2. The six members include the Chief Justice of India, Law and Justice Minister, two senior-most judges of the Supreme Court and two eminent persons.
3. The choice of these ’eminent persons’ will be left to the Prime Minister, Chief Justice of India and the Leader of Opposition Party or the leader of the largest party in Opposition.
4. These two eminent persons should belong to the Schedule Caste, Schedule Tribe, women or minority community, preferably by rotation and will have a tenure of three years.
5. The entire process under the JAC is to ensure transparency in judicial appointments and transfers.

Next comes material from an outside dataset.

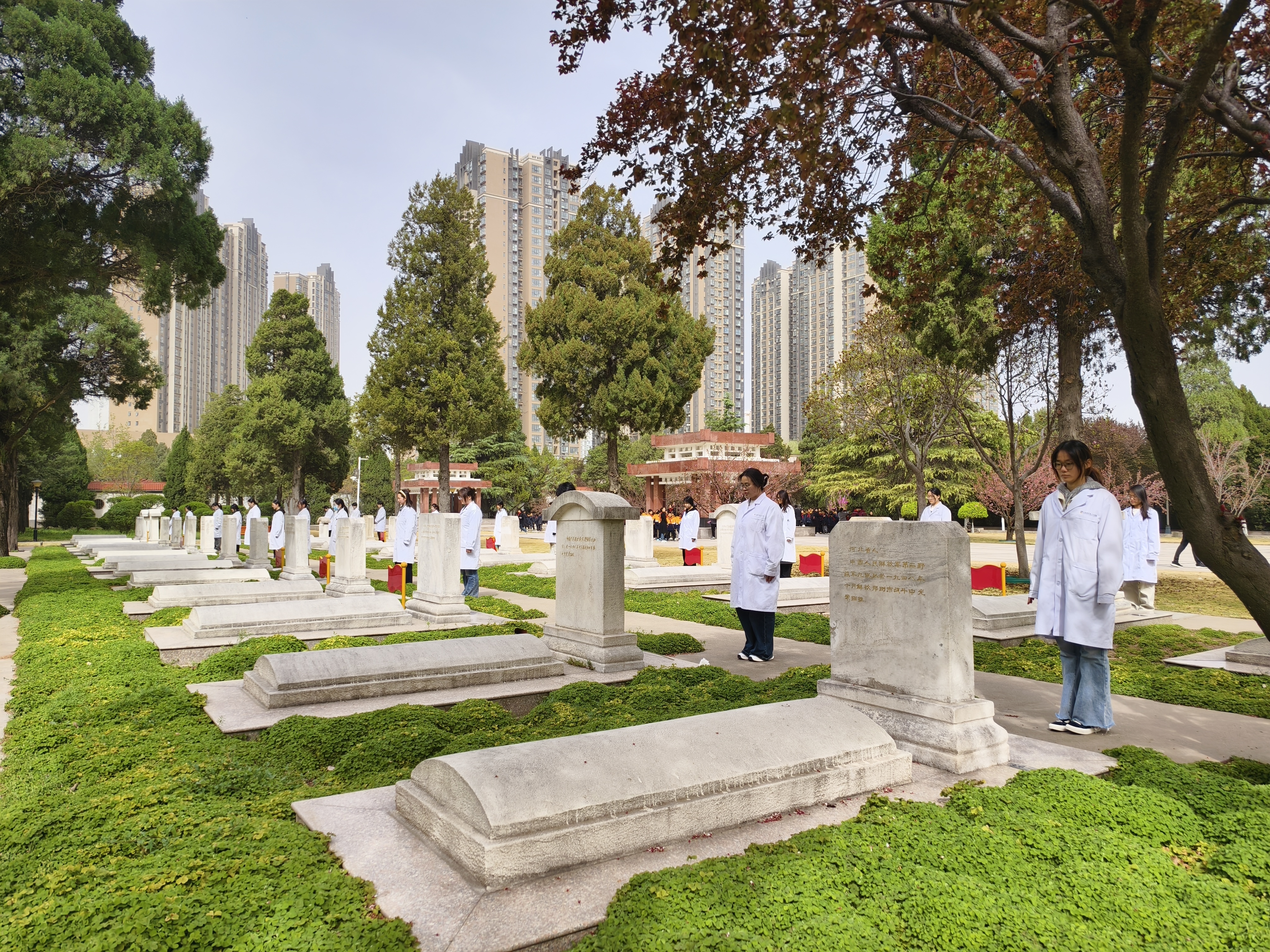 上午10点,全体师生抵达郑州市烈士陵园。在巍峨的纪念碑前,师生们整齐列队。现场庄严肃穆,气氛凝重,寄托着对先烈们的无尽追思。全体师生低头默哀,向那些为保家卫国、民族解放而英勇献身的先烈们致以最沉痛的哀悼,表达对革命英烈的崇高敬意与深切缅怀。

The Bill addresses the concerns of corruption in judicial appointment head-on and reforms the institution of judiciary to a considerable extent. Although the bill seems crafted to perfection, another feature which should have been included in the appointments procedure is televising the whole process of selection of candidates for the post. This is a pratice followed in USA and was originally demanded by Justice Katju (http://justicekatju.blogspot.in/2014/07/my-proposal-regarding-national-judicial.html). This would have made the process more clear, open, fair and accountable. Also, other features could have been incorporated from the U.K. model. In U.K., the members of the Bar who are eligible for being appointed as a Judge of the High Court apply for judgeship through a public notification on the JAC’s website and newsletter. Shortlisted candidates are then invited for a selection day for a panel interview, role play, situational questioning and presentation.
All in all, there is no dearth of constructive and innovative features which can make the judicial appointments procedure transparent and inclusive. Reforms will continue to happen in the Indian democracy periodically to make it more inclusive, impartial, just and efficient and today’s passage of the bill has become yet another crucial milestone towards it. Jai Hind.